You can use lldpctl to trace the ports upstream, hop-by-hop. Here is an example output:

cumulus@switch$ lldpctl 
-------------------------------------------------------------------------------
LLDP neighbors:
-------------------------------------------------------------------------------
Interface:    eth0, via: LLDP, RID: 1, Time: 0 day, 23:36:08
  Chassis:     
    ChassisID:    mac 6c:64:1a:00:2f:54
    SysName:      backbone
    SysDescr:     Cumulus Linux version 2.5.2 running on cel kennisis
    MgmtIP:       192.168.1.5
    Capability:   Bridge, on
    Capability:   Router, on
  Port:        
    PortID:       ifname swp21
    PortDescr:    swp21
-------------------------------------------------------------------------------
Interface:    swp1, via: LLDP, RID: 5, Time: 0 day, 05:51:40
  Chassis:     
    ChassisID:    mac 08:9e:01:ce:e4:0c
    SysName:      sw23
    SysDescr:     Cumulus Linux version 2.5.2 running on quanta ly2
    MgmtIP:       192.168.2.30
    Capability:   Bridge, off
    Capability:   Router, on
  Port:        
    PortID:       ifname swp7
    PortDescr:    swp7
-------------------------------------------------------------------------------

After you identify the source point, try replacing the cable or transceiver to resolve the component introducing the data corruption.

Change the Switching Mode

While cut-through forwarding decreases latency and buffer consumption, one of its disadvantages is that packets are not verified as valid before they begin transmission on the outbound interface.

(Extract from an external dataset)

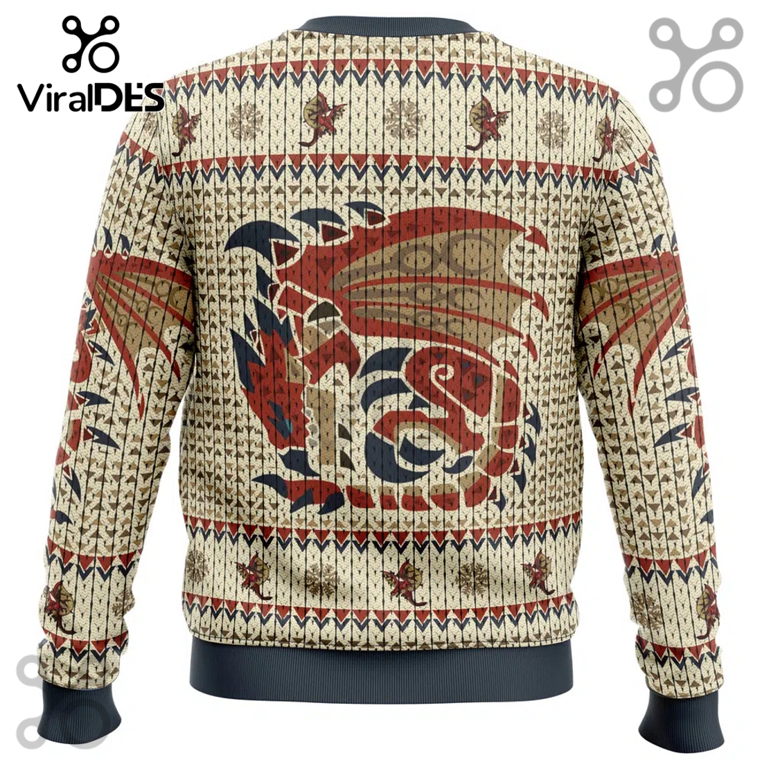 The Rathalos Monster Hunter Ugly Sweater 2025 presents a meticulously designed garment, uniquely fusing the thrilling world of Capcom’s iconic franchise with the cherished, often comical, tradition of holiday ugly sweaters. This piece isn’t just clothing; it’s a wearable declaration of fandom, an immediate conversation starter, and a genuinely warm addition to any winter wardrobe, perfectly suiting fans looking to display their passion during festive gatherings. Its core appeal lies in a striking, central depiction of the formidable Rathalos, rendered in a charmingly pixelated or chunky knit style that deliberately captures the aesthetic of classic video game sprites while adhering to the signature “ugly sweater” visual language. The mighty Fire Wyvern is often shown mid-flight or perched atop a snow-dusted peak, wings spread in defiance, perhaps with subtle, stylized flames emanating, all meticulously woven into the fabric.

Thus forwarding might begin out of the output interface before detecting the FCS error.

By changing from cut-through to store and forward mode of forwarding operation, Cumulus Linux verifies each packet as correct before the forwarding process begins, limiting the reach of any corrupt packets. This verification comes at the cost of potential increased latency and buffer consumption.

You need to configure these switches in the data path:

The switches upstream from the switch with the RX errors (that is, the previous switches in the data path) to eliminate the RX errors on the switch in question
The switch showing the RX errors to prevent it from propagating the errors to the downstream switch (that is, the next switch in the data path)

To change the forwarding behavior from cut-through to store and forward on switches with Broadcom ASICs:

Run the following command:

cumulus@switch$ sudo vi /etc/cumulus/datapath/traffic.conf

Search for the following line in the traffic.conf file:

# To enable cut-through forwarding
cut_through_enable = true

Modify the value of cut_through_enable to false:

# To enable cut-through forwarding
cut_through_enable = false

To let the change in forwarding mode take effect, restart switchd. Note that restarting the switchd daemon is minimally disruptive.
```
cumulus@switch$ sudo service switchd restart
```

Considerations

While these instructions discuss how to change the mode of operation for forwarding on a Cumulus Linux switch, the default setting of cut-though is the recommended value in almost every circumstance. If you make this change on a switch for testing purposes, you should continue to monitor its performance.